Anis Chowdhury e Jomo Kwame Sundaram,[1] Kuala Lumpur, Inter Press Service

Traduzido pelo Coletivo Vila Vudu

Da série:
"Se toca, ô Meirelles! Tirando a Miriam Leitão, o resto do mundo já sabe
!"


Ver também

Ø  "Meirelles, o amigo da onça: Neoliberalismo e a lorota da 'meta de inflação'"
14/5/2016, Gerald Epstein, Triple Crisis, entrevista a Alejandro Reuss, trad. no Blog do Alok
http://blogdoalok.blogspot.com.br/2016/05/meirelles-o-amigo-da-onca.html 


Ansiedade por causa de dívidas não é novidade, muitas vezes inflada pela disputa política. Mas tampouco é novidade uma profunda recessão causada por redução prematura do déficit. 
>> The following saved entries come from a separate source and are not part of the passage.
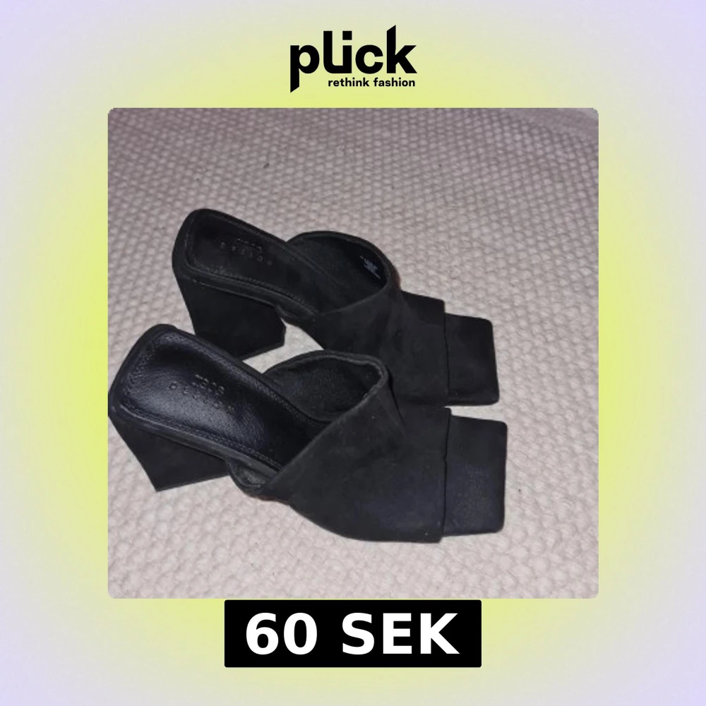 Snygga svarta klackskor med öppen tå och fyrkantig form, wide fit. Fårn Asos. Skorna har en bred klack och är tillverkade i mocka imitation. Nypris 349kr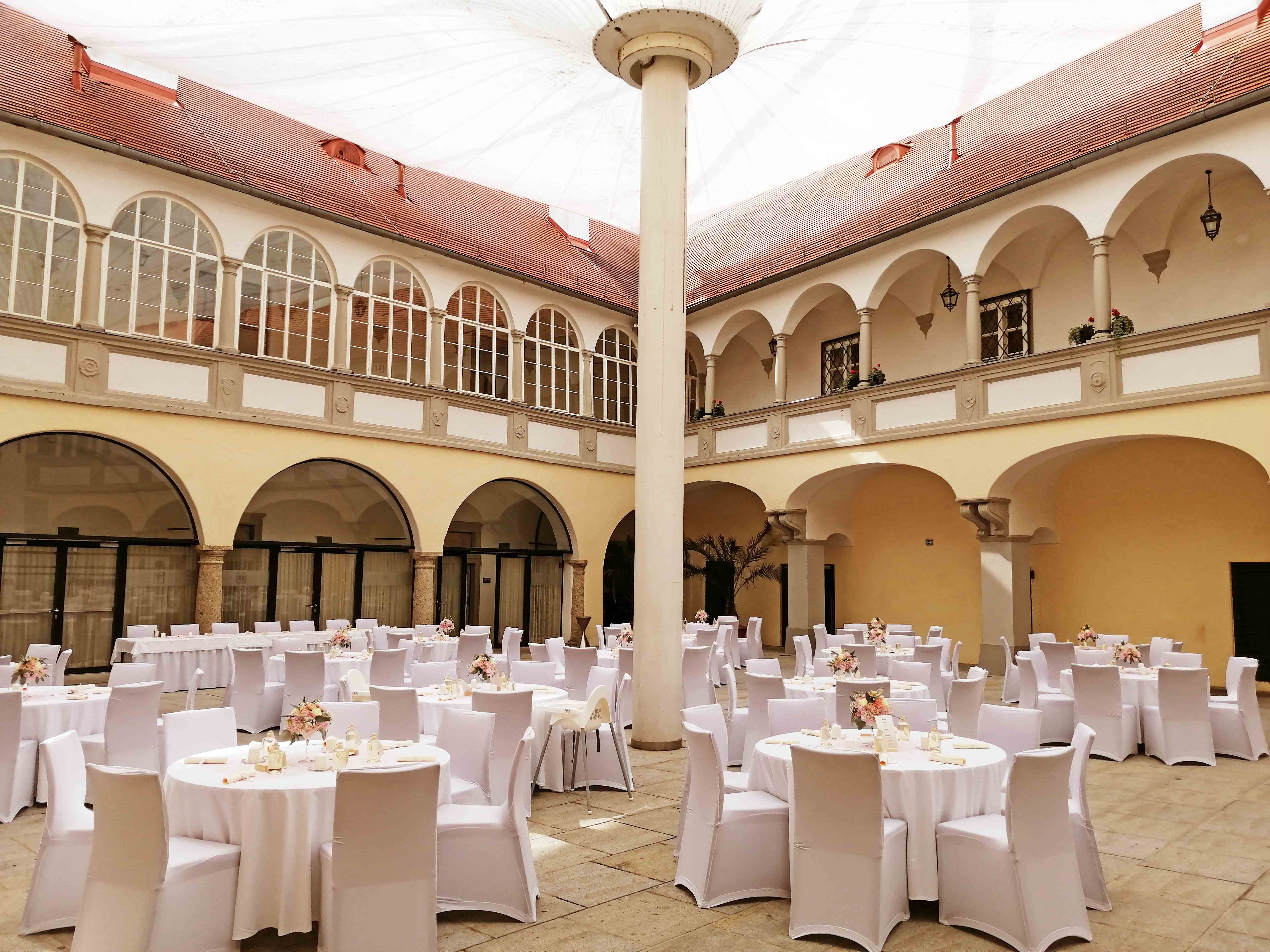 Rôzne veľké miestnosti s kapacitou od desiatich do 200 osôb ponúkajú ideálne prostredie na svadby, podujatia a oslavy, a to pri obchodných aj súkromných príležitostiach. Kryté nádvorie s rozlohou 484 m² je ideálne na veľké podujatia. Chránené pred nepriaznivým počasím, ale stále pod holým nebom, je každé podujatie príjemné.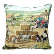 A square shaped cushion with a farm scene design including sheep, border collie dogs, tractor and more.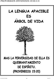 "La lengua apacible es árbol de vida, Pero la perversidad en ella quebranta el espíritu". Proverbios 15:4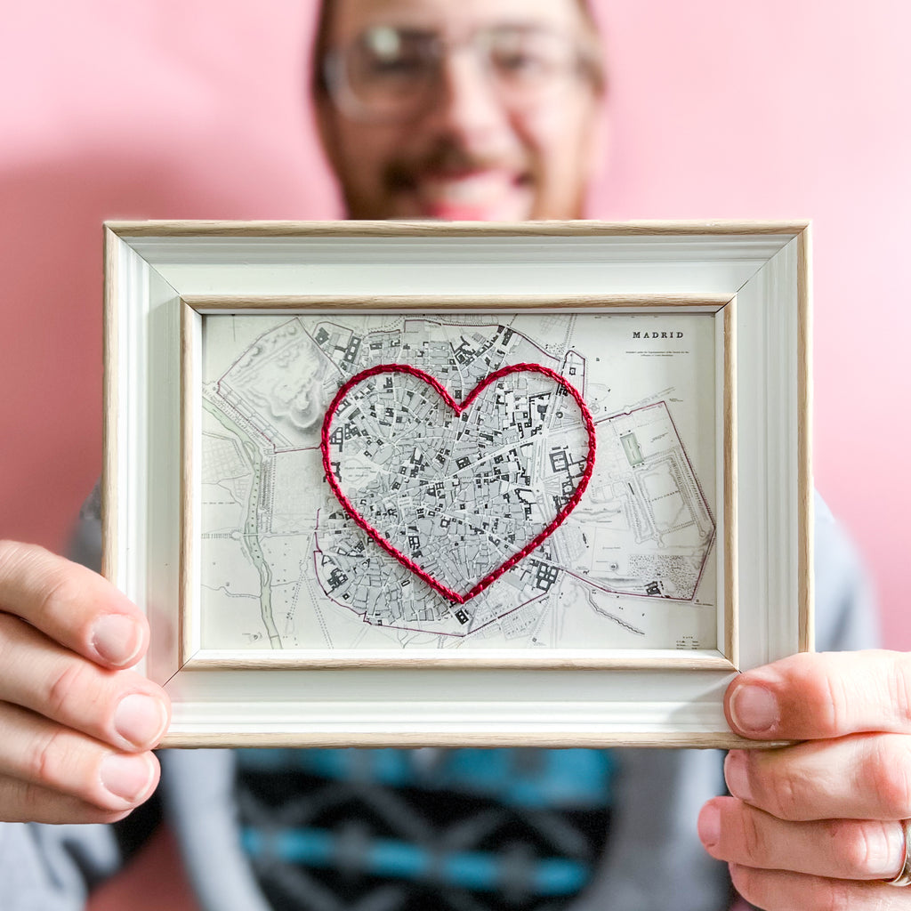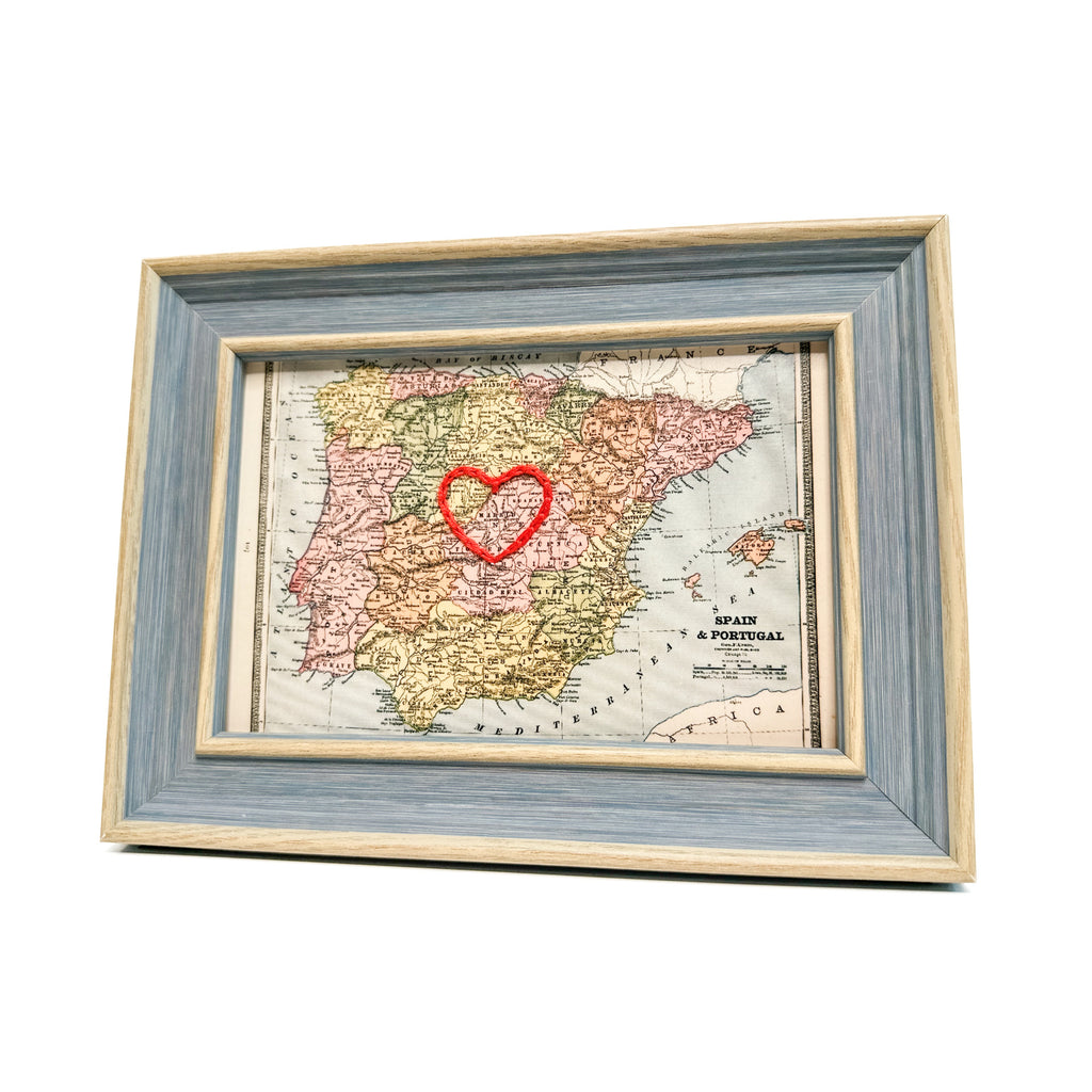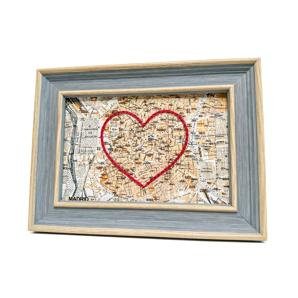 This vintage Madrid, Spain map print has been hand-embroidered with a red heart that symbolizes the places, people, and adventures you hold dear.

Por exemplo, para buscar a reeleição, o presidente Roosevelt recuou do seu New Deal em 1937, prometendo que "está a caminho, afinal, um orçamento equilibrado". Em 1938, ele capou o gasto do estado, e o desemprego saltou para 19%.

Déficits e dívida


Muitos países tinham enormes dívidas públicas ao final da 2ª Guerra Mundial. Apesar das ansiedades e conclamações a favor de cortes drásticos nos gastos, os governos continuaram a gastar. Tivesse sido de outro modo, a Europa não se teria recuperado tão rapidamente. Com os governos insistindo em gastos massivos para reconstruir seus países, as economias cresceram, e o peso da dívida caiu rapidamente, com o crescimento da economia. Claro: a dívida é sustentável, se o gasto governamental estimula, ao mesmo tempo, o crescimento e a produtividade.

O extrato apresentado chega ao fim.